- [Instructions for the task] Return the data exactly, with all pictures removed.
-*-
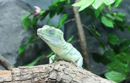green iguana climbs on the rocks in the terratium
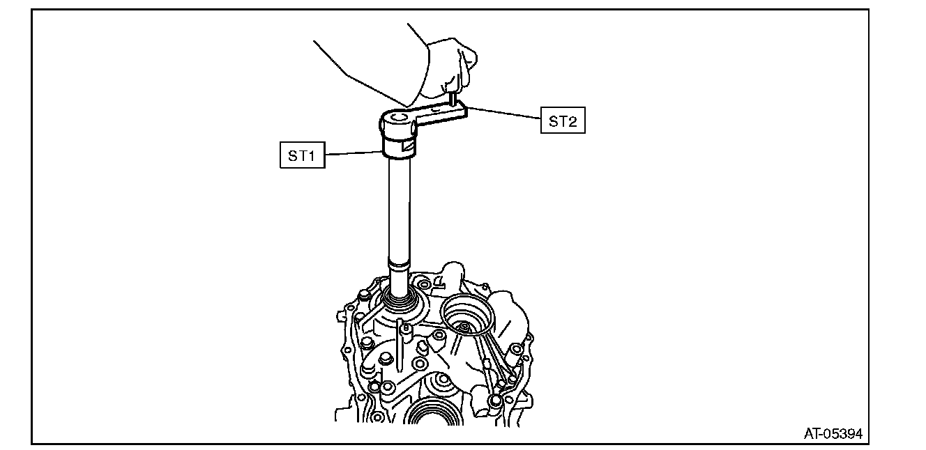 4) Rotate the drive pinion shaft more than ten times using ST1 and ST2.
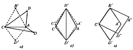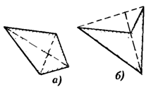 Так, на рис. 1.1.1фигуры а),б),в)выпуклые фигуры, а фигура на рисунке 1.1.1 г)не выпукла. Круг и треугольник являются выпуклыми фигурами, четырехугольник же может быть как выпуклым, так и невыпуклым в зависимости от того, пересекаются ли его диагонали внутри или вне четырехугольника (рис. 1.1.2 а, б). [1, 38]
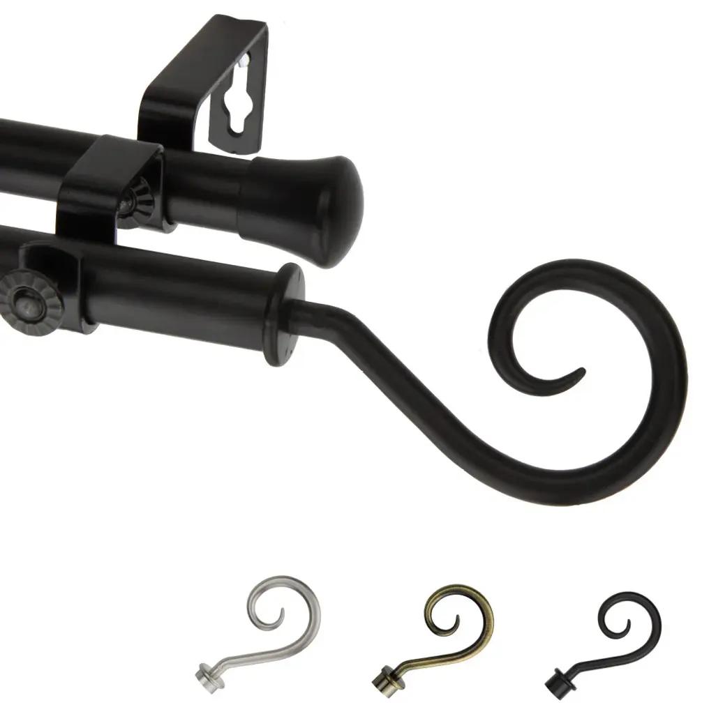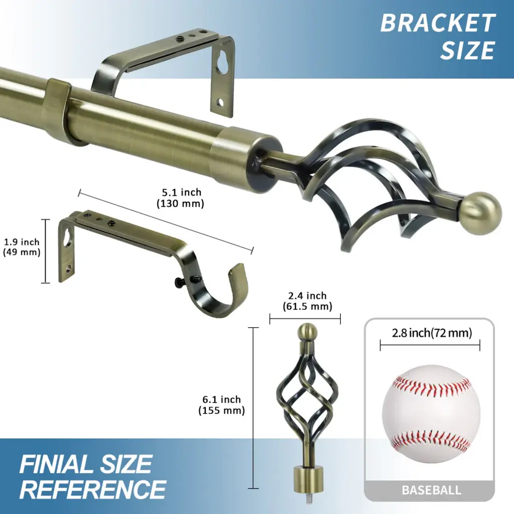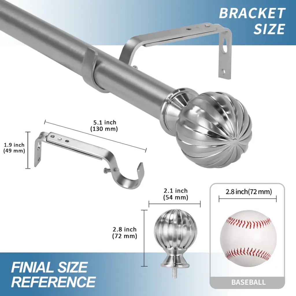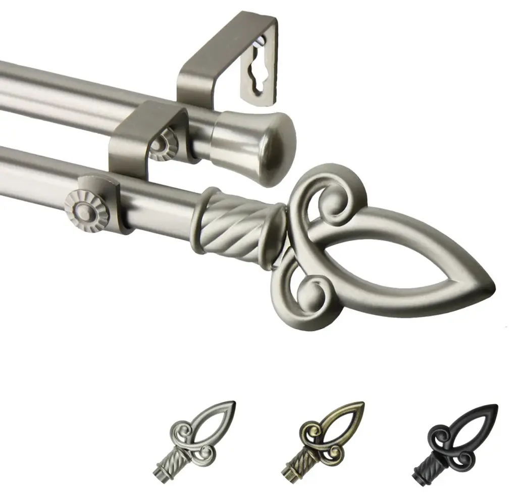 Introduce an elegant touch to your window treatment with this beautiful 13/16" diameter double curtain rod set, made of high quality steel rods. Includes 2 telescoping steel pole, mounting hardware, brackets, and 2 finials Projection: 2.875" Finial measurement: 4.125" W x 2.5" H x .25" D
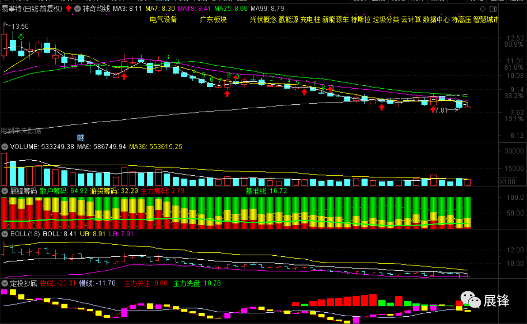 氮化镓龙头易事特,今天表现的非常一般,没有走出应有的气势,特别是成交量水平没有跟上,致使6日均量上穿36日均量的气势没有生发出来。所以,我昨天加仓的部分也没有卖出,该股布林线已经极度收口,看看下一交易日有没有一个大的表现,至少反抽中轨或25日线,才能够多多少少打出一些气势来!今天就写到这里,稍后记得去一直播听课!
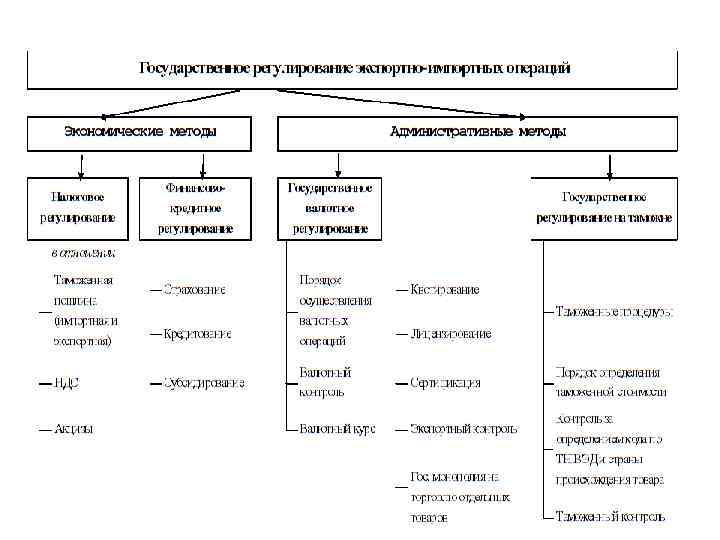 Государственное регулирование внешней торговли на международном уровне двухсторонних и многосторонних договоров по регулированию внешней торговли; системы информационного мониторинга мировой сферы внешней торговли; системы правовых основ межгосударственного регулирования внешней торговли; на государственном уровне системы мер тарифного и нетарифного регулирования внешней торговли; системы информационного мониторинга внешней торговли; правовых основ регулирования внешней торговли; системы таможенных режимов; на корпоративном уровне системы информационного мониторинга внешней торговли, включая средства оперативного мониторинга, их анализ и прогноз; системы правил и норм управления внешней торговлей; комплекса методического обеспечения для обоснования рациональных методов управления внешней торговлей.
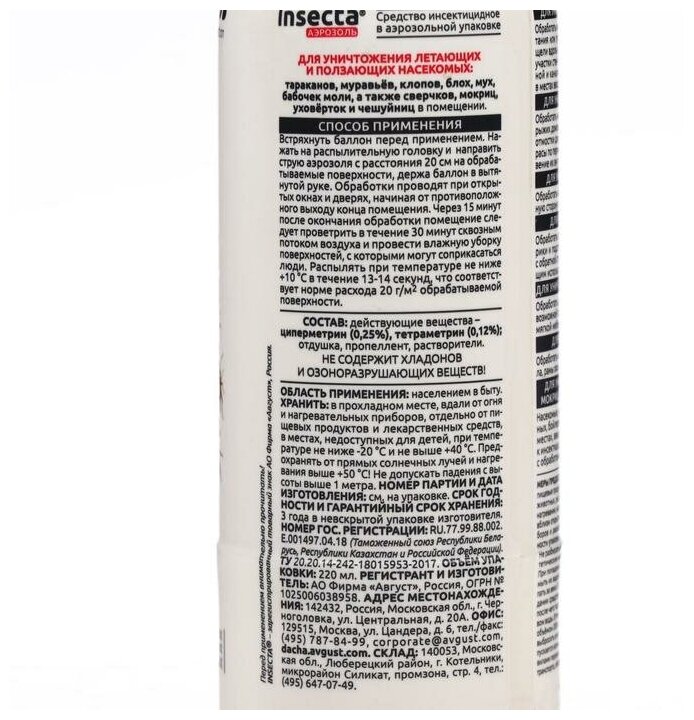 Модель: Средство от насекомых Avgust Insecta аэрозоль 220 мл
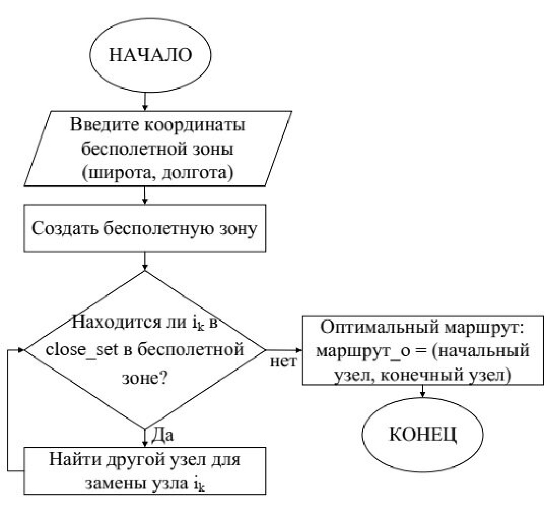 Далее координаты бесполётной зоны обрабатываются в ВП, чтобы убедиться, что маршрут ОВД их избегает (уравнение 13). В сети промежуточных точек зоны представлены наборами точек, что ускоряет алгоритм A-star, исключая их из поиска. Блок-схема обработки бесполётных зон показана на рис. 4.
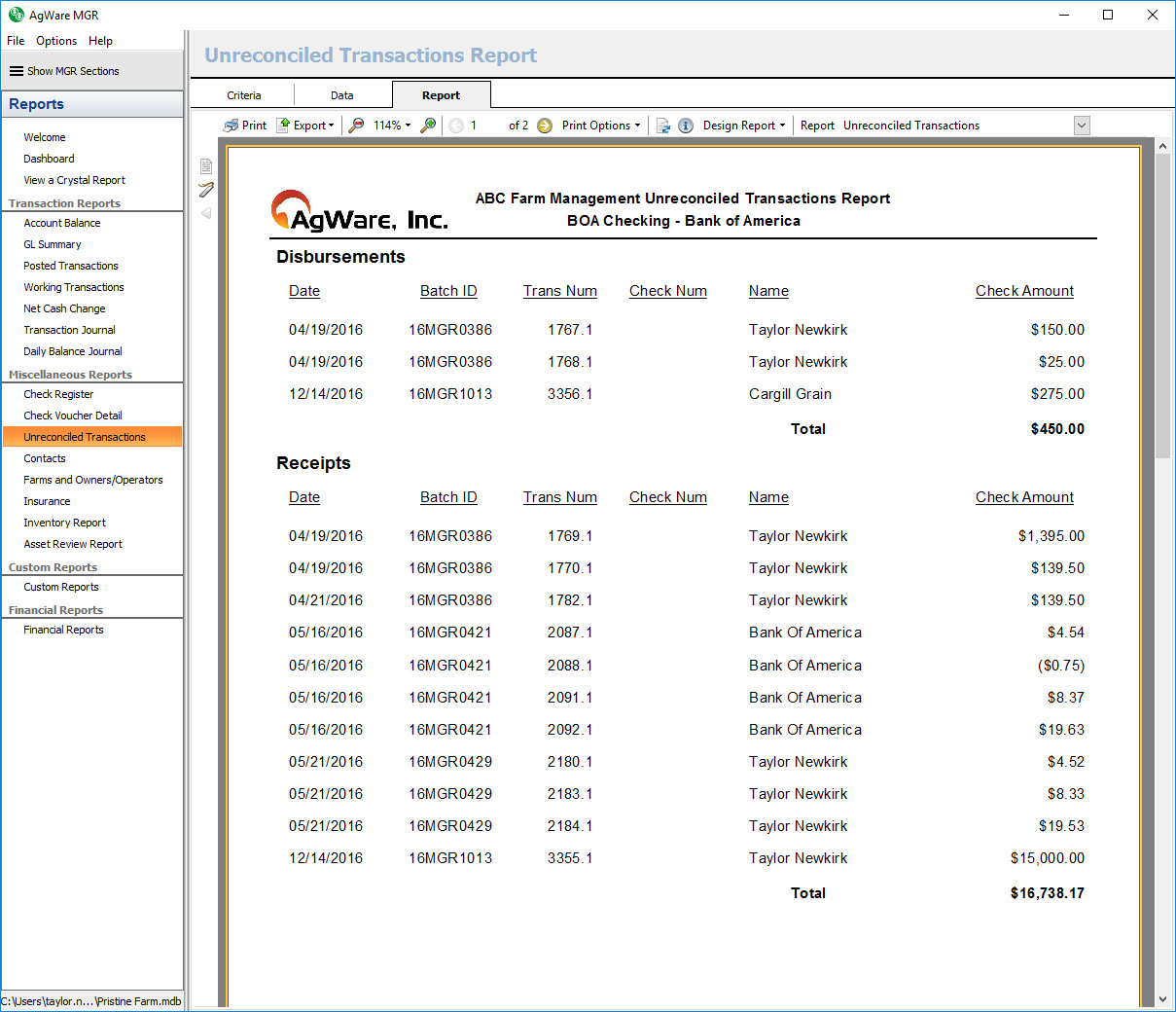 The unreconciled transactions report shows a list of all unreconciled transactions for the selected bank account sorted by type (disbursement or receipt), date, batch id, then transaction number.
-*-
- [Final answer]
green iguana climbs on the rocks in the terratium
 4) Rotate the drive pinion shaft more than ten times using ST1 and ST2.
 Так, на рис. 1.1.1фигуры а),б),в)выпуклые фигуры, а фигура на рисунке 1.1.1 г)не выпукла. Круг и треугольник являются выпуклыми фигурами, четырехугольник же может быть как выпуклым, так и невыпуклым в зависимости от того, пересекаются ли его диагонали внутри или вне четырехугольника (рис. 1.1.2 а, б). [1, 38]
 Introduce an elegant touch to your window treatment with this beautiful 13/16" diameter double curtain rod set, made of high quality steel rods. Includes 2 telescoping steel pole, mounting hardware, brackets, and 2 finials Projection: 2.875" Finial measurement: 4.125" W x 2.5" H x .25" D
 氮化镓龙头易事特,今天表现的非常一般,没有走出应有的气势,特别是成交量水平没有跟上,致使6日均量上穿36日均量的气势没有生发出来。所以,我昨天加仓的部分也没有卖出,该股布林线已经极度收口,看看下一交易日有没有一个大的表现,至少反抽中轨或25日线,才能够多多少少打出一些气势来!今天就写到这里,稍后记得去一直播听课!
 Государственное регулирование внешней торговли на международном уровне двухсторонних и многосторонних договоров по регулированию внешней торговли; системы информационного мониторинга мировой сферы внешней торговли; системы правовых основ межгосударственного регулирования внешней торговли; на государственном уровне системы мер тарифного и нетарифного регулирования внешней торговли; системы информационного мониторинга внешней торговли; правовых основ регулирования внешней торговли; системы таможенных режимов; на корпоративном уровне системы информационного мониторинга внешней торговли, включая средства оперативного мониторинга, их анализ и прогноз; системы правил и норм управления внешней торговлей; комплекса методического обеспечения для обоснования рациональных методов управления внешней торговлей.
 Модель: Средство от насекомых Avgust Insecta аэрозоль 220 мл
 Далее координаты бесполётной зоны обрабатываются в ВП, чтобы убедиться, что маршрут ОВД их избегает (уравнение 13). В сети промежуточных точек зоны представлены наборами точек, что ускоряет алгоритм A-star, исключая их из поиска. Блок-схема обработки бесполётных зон показана на рис. 4.
 The unreconciled transactions report shows a list of all unreconciled transactions for the selected bank account sorted by type (disbursement or receipt), date, batch id, then transaction number.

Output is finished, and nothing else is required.